Сбавляет шаг, останавливается у самой кромки, обнимая себя за плечи от холода, от пробегающих под тонкой футболкой мурашек. Здесь спокойно, деревья скрывают её миниатюрную фигуру от любопытных глаз из окон университета. Те же жёлтые листья, то же озеро и то же место, на котором стоял брат. Отличие лишь в том, что стоял он не один. Гермиона плотнее смыкает челюсть, смотрит на гладь, что рябит из-за стихии, пытается сфокусироваться на этом — не выходит. В руке доказательство предательства Генри. Он общался с Малфоем. Хорошо общался. Пока она истекала кровью и слезами ради него. Пока кровоточило и ныло сердце за него.
Уже такая же знакомая ярость поднимается новой волной из самой глубины: чёрная, всепоглощающая. Горячее, чем её ненависть к клану Драконов. Она направлена на улыбающееся лицо брата на смятом снимке. На его доверчивость. На его слабость.
— Он был слаб. Ты — нет.
Так вот о чём ты говорил, дядя Оливер.
Вот о чём были те слова.
И тут же, поверх этого пламени, поднимается новая, ещё более ледяная пелена. Если Генри был так близок с Драко... значит ли это, что Малфой знал? Знает ли он сейчас, глядя на новую ученицу Грейнджер, что она здесь ради крови? Была ли его смертная казнь планом? Или планом Генри, в котором Малфой оказался соучастником? Загадки, тайны. Голова раскалывается на части, пока эмоции не утихают, наоборот — поглощают все внутренности. Пережёвывают, смакуют, хрустят костями. Черти довольны.

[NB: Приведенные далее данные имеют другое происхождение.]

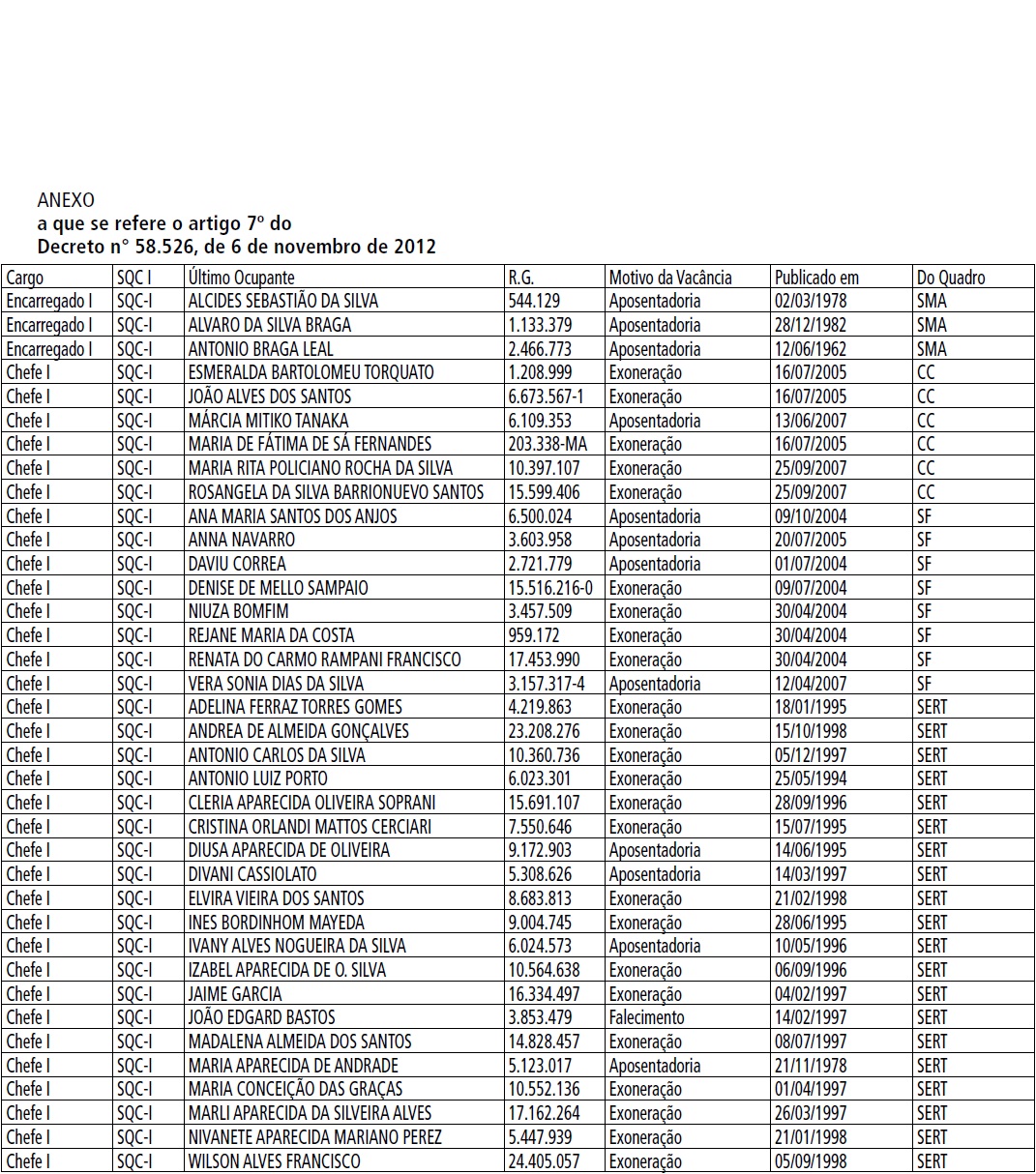 DECRETO Nº 58.526, DE 6 DE NOVEMBRO DE 2012

Гермиона мечется, разжимает ладонь, и ветер тут же вырывает злополучный снимок, унося его дальше. От неё. Он кувыркается в воздухе, белое пятно на фоне серого неба и серой воды. Медленно падает в озеро. Секунда — и тёмная жидкость смыкается над улыбками предателя и его убийцы. У неё ощущение, словно она ходит по краю с завязанными глазами. Наощупь. Интуитивно. Множество вопросов, никаких точек — только запятые. И чем упорнее она пытается найти ответы, тем больше тонет в круговороте своих размышлений и безрезультатных поисков той самой чёртовой истины.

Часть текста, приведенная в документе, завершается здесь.